I’ve been working on this piece for about a year. Why so long, you ask? Laziness and lack of motivation was not my sticking point. At issue was the content; I wasn’t quite sure how to share my thoughts in a way that balanced information and entertainment on the one hand, with cultural sensitivity on the other. In essence, I didn’t want to come off sounding like a total a-hole. Here’s my best shot…

We have two full-time helpers; a stewardess (house cleaner) that works Monday through Friday, and a driver that is available Tuesday through Saturday. This probably seems decadent, and it is, by Western standards. But for Lagos, employing two full-time helpers is the norm, and not just for Expats. A local family with means would add an additional layer of help to the roster; a nanny or two to tend the children, and a full time cook devoted to shopping and preparing meals would not be uncommon additions to the domestic help line-up.
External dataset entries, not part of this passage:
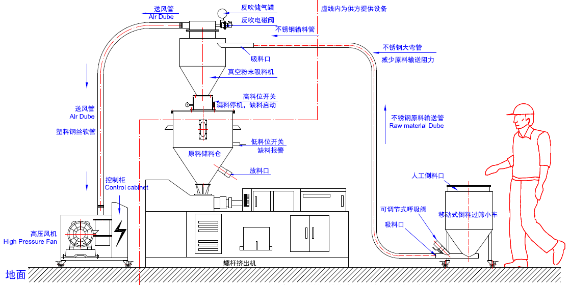 氣動真空上料機又叫氣動真空輸送機、主要針對工廠原料的輸送時,粉塵大、用人成本高、工人搬運累、環(huán)保不達標等一系列問題。
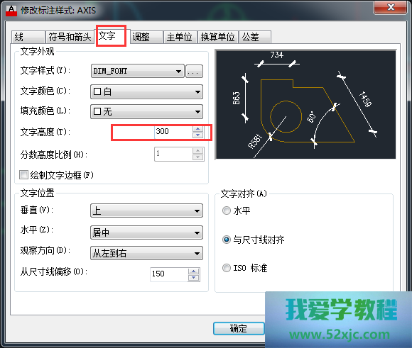 正在此咱们可能改正标注的闭系参数。但我就只以改正字体的字号巨细。点击“文字”可能看到文字的高度为300,就改正它就行了。默认1:1的打印是2.5的字号高度。这里图纸是1:50。因此最低改成2.5*50打印才看得大白。
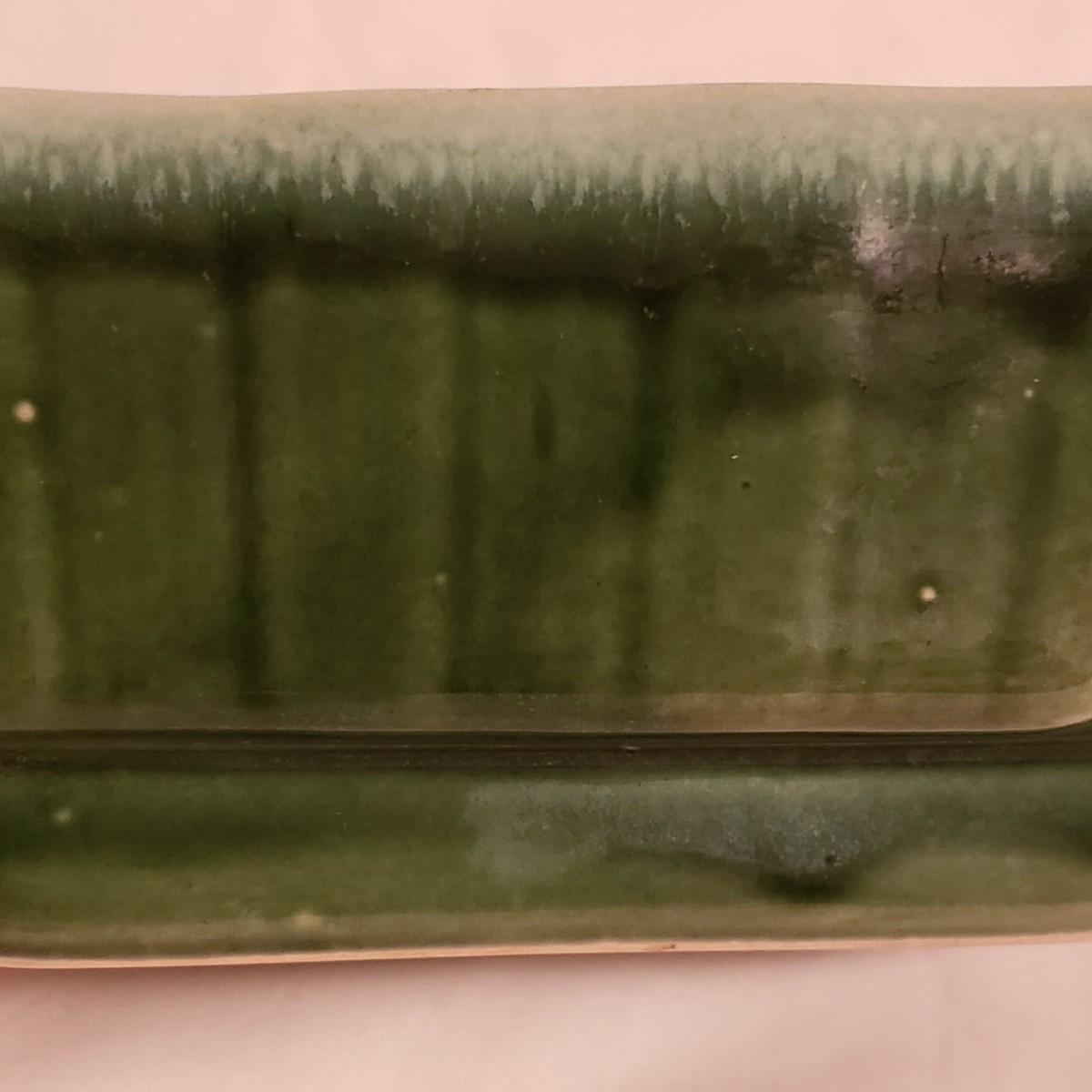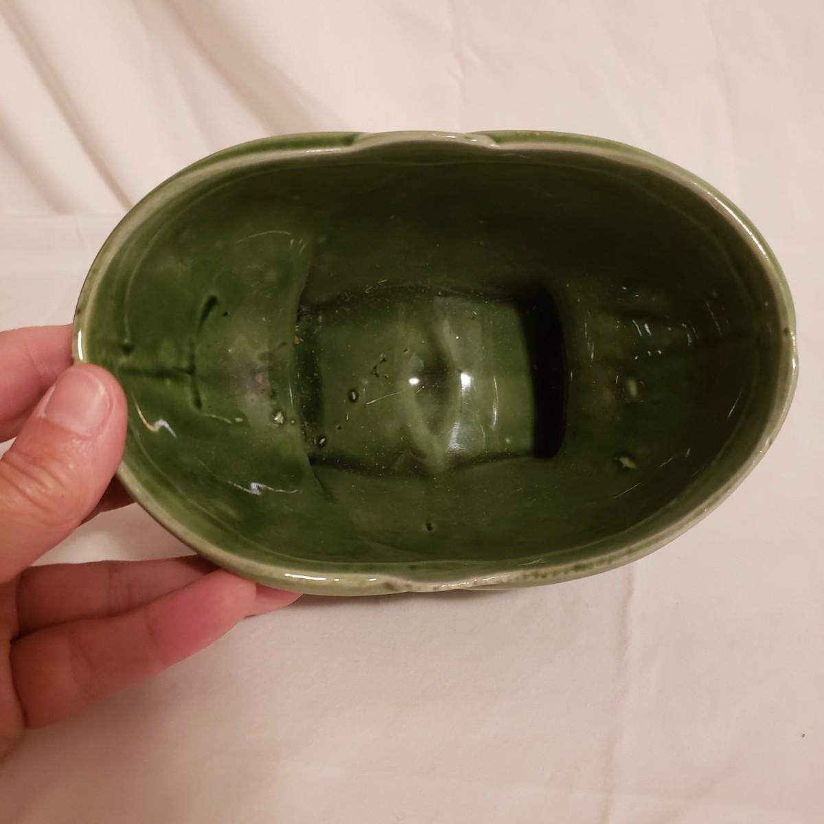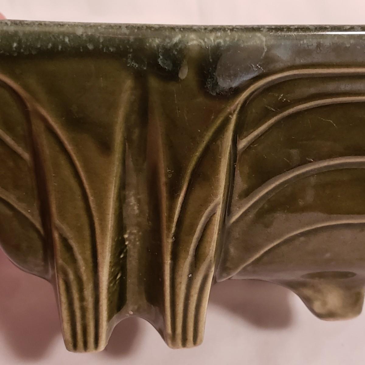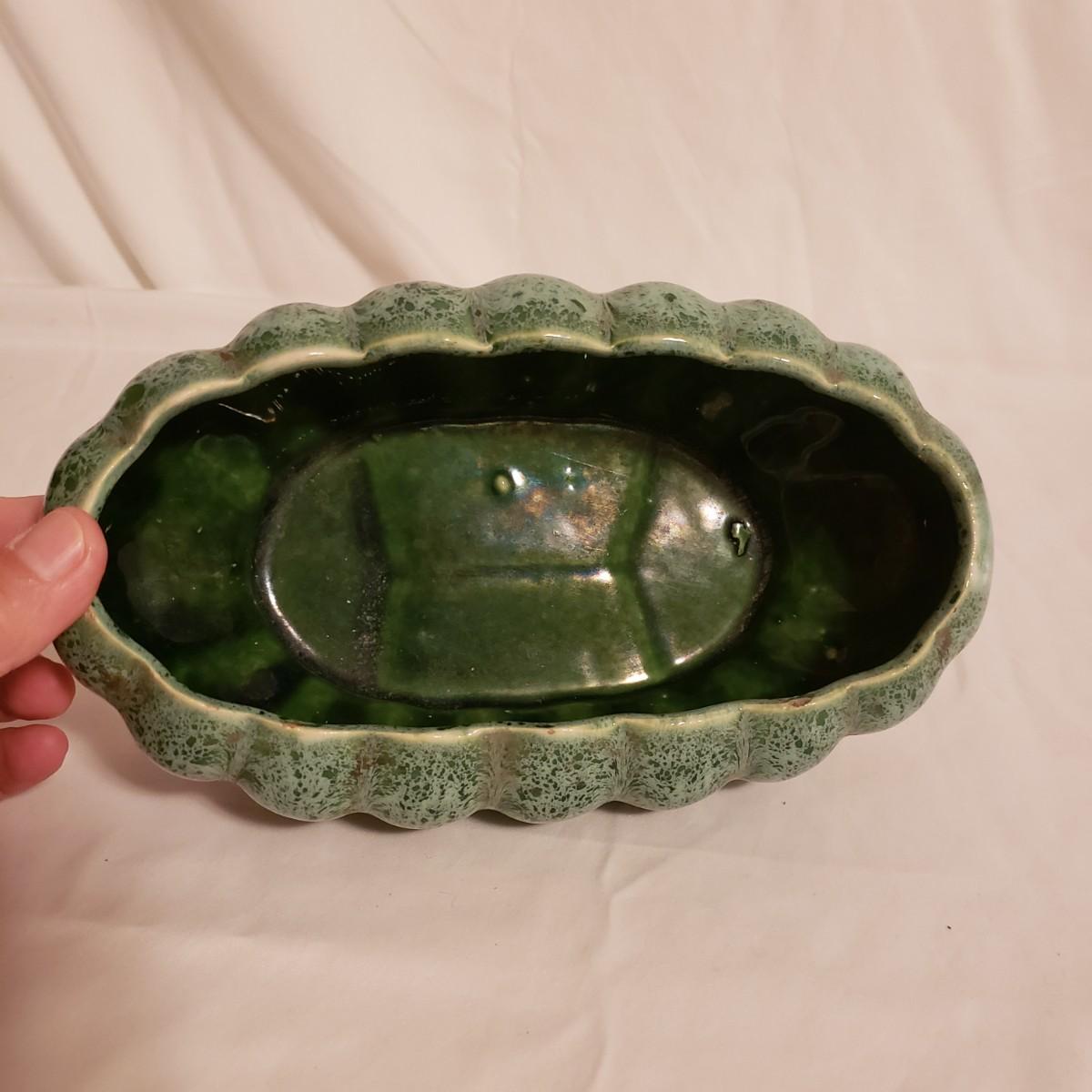 This green glazed pottery lot features several small planters and a candle holder made by Hull marked 67 USA. One planter made by UPCO or Ungemach Pottery Company is marked form 483. This pot with a leaf like pattern measures 8.5" x 5" x 3"H. The pot marked CP1266 appears to be a 1950's Cookson Potters piece. Please see photos for details.

And let’s talk about what full-time means. For a Western Expat, full-time is a familiar 40-hour week. If your stewardess must stay late to clean up after a party, she is entitled to overtime. Same arrangement for your driver. A late dinner out or driving on a scheduled day off is remunerated accordingly. In contrast, the expectations of a local family translates closer to 24/7 availability. This practice is supported by a traditional employment benefit of providing boys quarters or onsite housing which may consist of a small bedroom in the main house, but most likely is a detached, one-room structure on the property. Time off is periodically granted for travel home to visit family.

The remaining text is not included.